Day 3475 in isolation. Oh wait no, that’s just how it feels. 

Scrolling my instagram whilst stuck on my sofa again I’m confronted by the obligatory sourdoughs and banana breads, and yes I am guilty of both. What I find more surprising is the sheer volume of health posts, the WW points for a ‘Fake away”, slimming world substitutions for a lasagne sauce. (I have a horror story where a woman told me to blend a WW mac and cheese instead of making béchamel but that is for another day.) People angry with themselves for not sticking to their diets. 

Slews of #healthyliving #summerready #backgardenbikini. Inspirational posts telling you put down the fork. If you know me you know I am not averse to a piece of cake, a giant steak or a jar of Chicken Butter so these kind of posts I know are not meant for me but sometimes I can’t help but feel attacked by these. I’ve never been one for a diet but I get the pressure to be “good”  all the time.

The phrase that grates the most “naughty food.” Why is it naughty? Did it draw a dick on your wall in crayon? Sleep with your sister? Kill the family hamster?

The simple truth. There is no naughty food only food you’ve been told to feel bad about eating. 

Example. I ate an entire bag of Giant Wotsits in the form of a cheese spread and Wotsit sandwiches and they were glorious. Don’t @ me. 
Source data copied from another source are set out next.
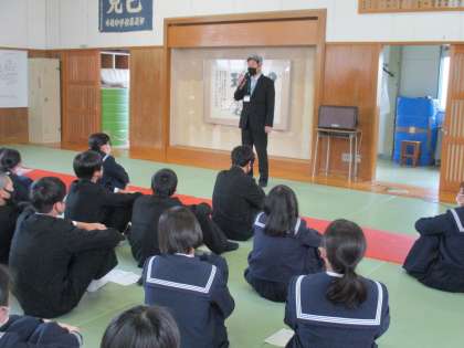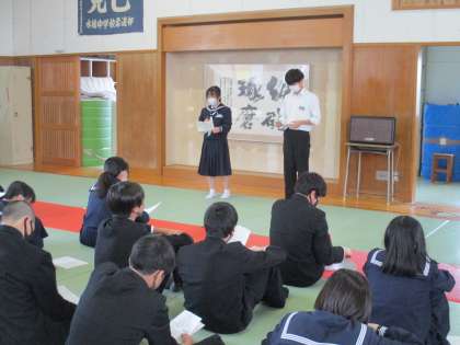 本日(4/22)の5時間目に、学年集会を開きました。前半は、今年度の学年目標・学級目標を発表しました。後半は、修学旅行の持ち物や活動中の決まりについての説明がありました。学年生徒会を中心に、話し合ってきたことを学年全体で共有しました。
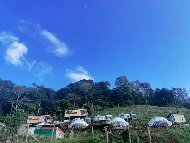 - จุดเด่นที่สุด – ทำเลบนเนินสูงและวิวพาโนรามา: ด้วยที่ตั้งบนไหล่เขา ทำให้มองเห็นวิวทิวเขาสลับซับซ้อนได้แบบไม่มีอะไรมาบดบังที่นี่ยังมีตัวเลือกที่พัก 2 สไตล์ คือเต็นท์โดมใสบนโซนด้านบน และเต็นท์กระโจมผ้าใบคลาสสิกที่โซนด้านล่าง ตอบโจทย์ความชอบที่แตกต่างกัน
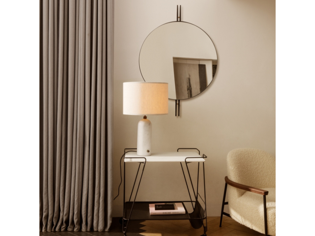 Gravity je elegantní stolní lampa, která v sobě spojuje kontrastní prvky síly a lehkosti. Tato lampa se vyznačuje robustní, válcovitou základnou z bílého mramoru a lehkým, vzdušným stínidlem. Tento design vytváří harmonický celek, který působí jako sochařský prvek v interiéru. S výškou 49 cm poskytuje lampa příjemné, tlumené osvětlení, které vytváří útulnou atmosféru v místnosti. Díky svému univerzálnímu designu se hodí do různých prostorů, od obývacích pokojů po ložnice či kanceláře. Gravity je ideální volbou pro ty, kteří hledají spojení funkčnosti, estetiky a kvalitního zpracování v jednom designovém kousku.
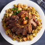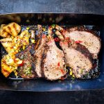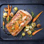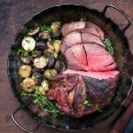 Das Fleisch aus dem Ofen nehmen und in dicke Scheiben schneiden. Die gebratenen Zwiebeln darüber geben. Zusammen mit den Bratkartoffeln und der Soße anrichten.
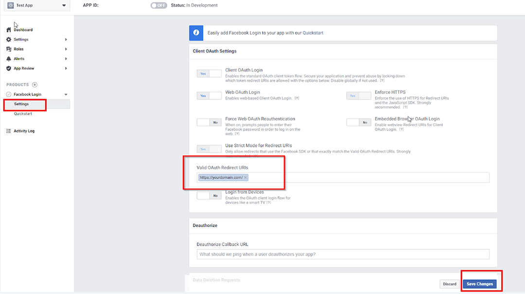 - Enter your website URL in “Valid OAuth redirect URIs”. For example, my website domain is yourdomain.com so I entered https://yourdomain.com
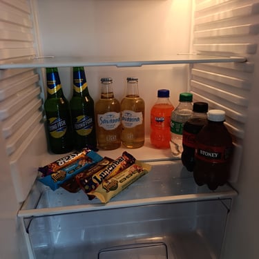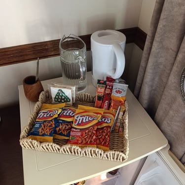 Breakfast is included, mini fridge (account) and coffee amenities are available. Snacks and drinks can be bought and dinner arranged if requested. Please pay what you take before you leave.
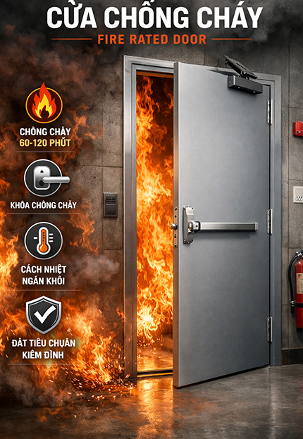 Cửa cuốn chống cháy là dòng cửa chuyên dụng có khả năng ngăn cháy, cách nhiệt và hạn chế cháy lan trong một khoảng thời gian nhất định (EI 60, EI 90, EI 120 phút), giúp bảo vệ con người, tài sản và kết cấu công trình khi xảy ra hỏa hoạn.
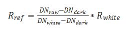 where Rref is the reflectance value of the black-and-white corrected image, DNraw is the DN value of the original image, DNwhite is the white frame data of the reference plate, DNdark is the systematic error DN value of the camera, and Rwhite is the reflectance coefficient of the reference plate.
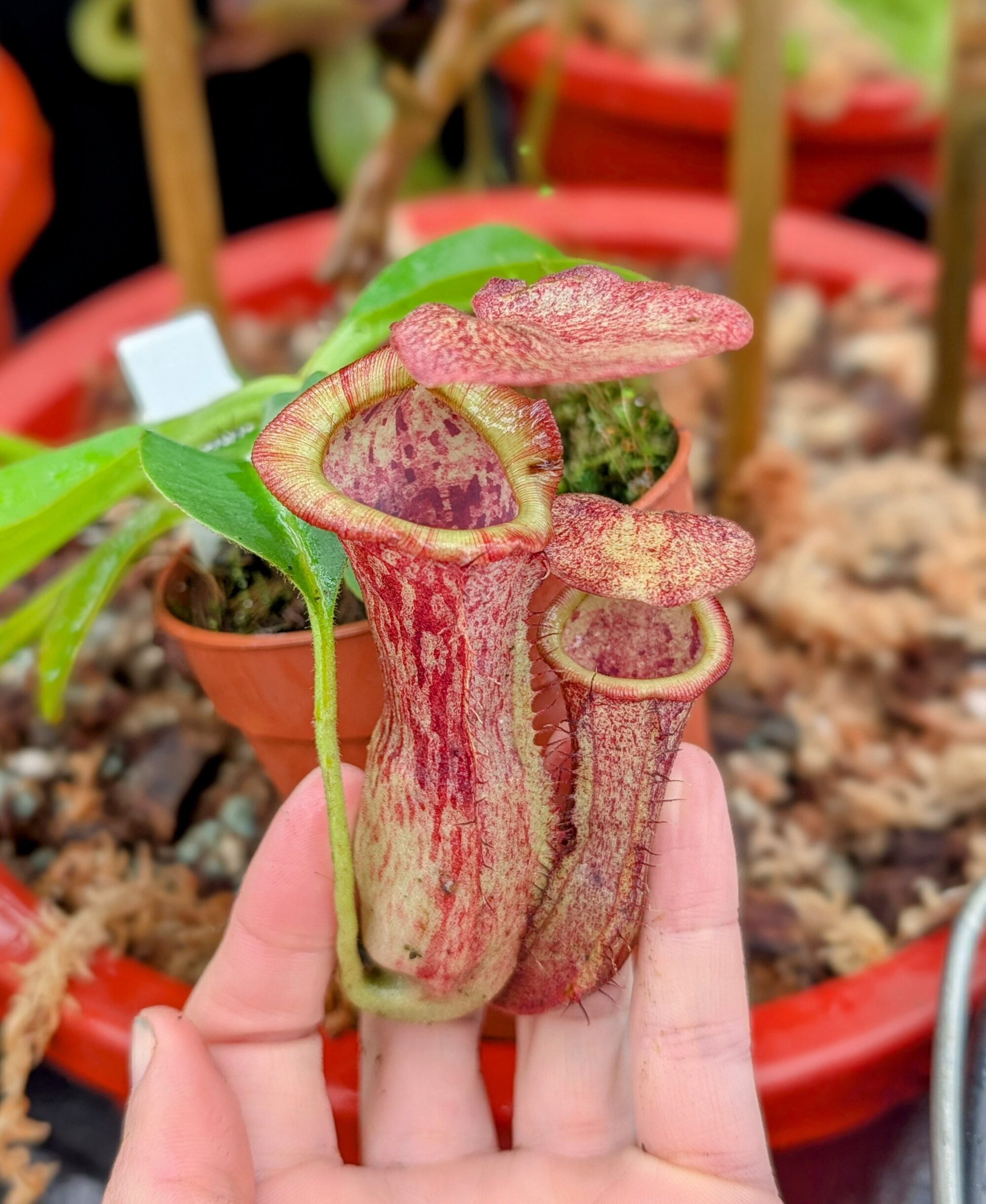 I expect some exceptionally squat pitchers with a striped peristome with a maroon colouration

In these trying times staying healthy is important, maybe don’t eat an entire family size apple pie if it’s not something you’d usually do but it’s a scary world out there and if that’s going to make you feel a little better then so be it. I say this will full admission that I do have a family size pie downstairs and a carton of custard that I don’t see lasting to the weekend. 

You haven’t ruined yourself or your diet because you ate a piece of cake or that selection box that was left over from christmas. Food is a comfort and right now we can all use a little comfort.

Everyone is stuck inside and time out side is limited either by fear, or nosy neighbours twitching their net curtains to ensure you’re not leaving the house more than once day. Everything feels out of control so food is probably the easiest thing you can control but is beating yourself up about making and eating banana bread really worth it. You put yourself into it so you should be allowed to enjoy it 

This is probably the best time to try something you may not have usually have time for. Slow cooked tagines you can leave in the oven for the hours you’d usually be at work, with the fear your going to burn down the house gone. Bake bread if you’re lucky enough to have flour, invent anything and everything you can with the store cupboard staples. If you’re the lady I saw in Sainsbury’s with the 23 cans of condensed milk in her trolley, make millionaires shortbread for your entire street. Obviously whilst maintaining social distancing of course. 

Exercise videos are popping up everywhere be it videos or webcam classes to keep you active if you don’t want to or can not leave your house. Chefs are also popping up all over the gram to do cook alongs or recipe videos, some more luxurious than others I admit, but they are there sharing their skills and knowledge with the everyday people. Healthy and simple recipes such as a great pasta sauce (check out The Patricia’s for some great ones) to more complex recipes such as you’ll see Adam Handling and Luke Selby putting out there. 

When this is all over you’re going to see your friends and family and there is gonna be no better reason for a huge feast and no one is going to care about the calorie content of what you’ve made. 

Food is a joy and you shouldn’t be made to feel guilty for eating something you enjoy. So do yoga in your pants, follow a fitness guru on Youtube, join in with the cook along, learn a new skill.

We should be cherishing those we have and that includes yourself so give yourself a break and eat the fucking pie.